Task item
Only one stretch of the records below should be repeated. It starts with the line containing "4 Besuchergarderobe" and goes on through the line containing "കൈവിട്ട സ്ഥിതിയാണുള്ളത് ⇒", exactly as written.

Source data
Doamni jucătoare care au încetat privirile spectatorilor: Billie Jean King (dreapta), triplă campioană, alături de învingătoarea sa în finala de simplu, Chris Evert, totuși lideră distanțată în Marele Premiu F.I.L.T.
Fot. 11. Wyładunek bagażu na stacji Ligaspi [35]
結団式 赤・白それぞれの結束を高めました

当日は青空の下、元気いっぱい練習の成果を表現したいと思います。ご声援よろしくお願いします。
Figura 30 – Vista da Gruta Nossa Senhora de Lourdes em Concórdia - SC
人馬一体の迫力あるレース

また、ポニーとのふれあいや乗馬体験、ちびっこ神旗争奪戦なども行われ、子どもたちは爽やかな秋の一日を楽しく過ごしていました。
...
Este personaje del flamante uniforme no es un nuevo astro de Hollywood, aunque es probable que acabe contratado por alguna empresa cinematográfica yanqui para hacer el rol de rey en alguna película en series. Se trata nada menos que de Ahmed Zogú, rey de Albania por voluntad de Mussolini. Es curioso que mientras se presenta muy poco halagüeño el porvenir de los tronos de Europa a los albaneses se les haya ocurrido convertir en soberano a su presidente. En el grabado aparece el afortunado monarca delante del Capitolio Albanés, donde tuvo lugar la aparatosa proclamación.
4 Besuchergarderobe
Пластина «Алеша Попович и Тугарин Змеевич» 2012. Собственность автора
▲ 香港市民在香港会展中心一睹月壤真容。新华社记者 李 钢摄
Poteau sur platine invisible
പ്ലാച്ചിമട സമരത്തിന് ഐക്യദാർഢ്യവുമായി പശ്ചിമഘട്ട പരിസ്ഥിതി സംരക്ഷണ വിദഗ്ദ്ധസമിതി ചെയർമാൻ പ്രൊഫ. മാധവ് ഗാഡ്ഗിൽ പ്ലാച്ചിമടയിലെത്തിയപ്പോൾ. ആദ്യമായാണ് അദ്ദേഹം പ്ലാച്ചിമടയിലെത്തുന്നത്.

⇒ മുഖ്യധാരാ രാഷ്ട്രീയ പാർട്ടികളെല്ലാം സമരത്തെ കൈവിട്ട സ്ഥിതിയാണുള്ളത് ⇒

Output
4 Besuchergarderobe
Пластина «Алеша Попович и Тугарин Змеевич» 2012. Собственность автора
▲ 香港市民在香港会展中心一睹月壤真容。新华社记者 李 钢摄
Poteau sur platine invisible
പ്ലാച്ചിമട സമരത്തിന് ഐക്യദാർഢ്യവുമായി പശ്ചിമഘട്ട പരിസ്ഥിതി സംരക്ഷണ വിദഗ്ദ്ധസമിതി ചെയർമാൻ പ്രൊഫ. മാധവ് ഗാഡ്ഗിൽ പ്ലാച്ചിമടയിലെത്തിയപ്പോൾ. ആദ്യമായാണ് അദ്ദേഹം പ്ലാച്ചിമടയിലെത്തുന്നത്.

⇒ മുഖ്യധാരാ രാഷ്ട്രീയ പാർട്ടികളെല്ലാം സമരത്തെ കൈവിട്ട സ്ഥിതിയാണുള്ളത് ⇒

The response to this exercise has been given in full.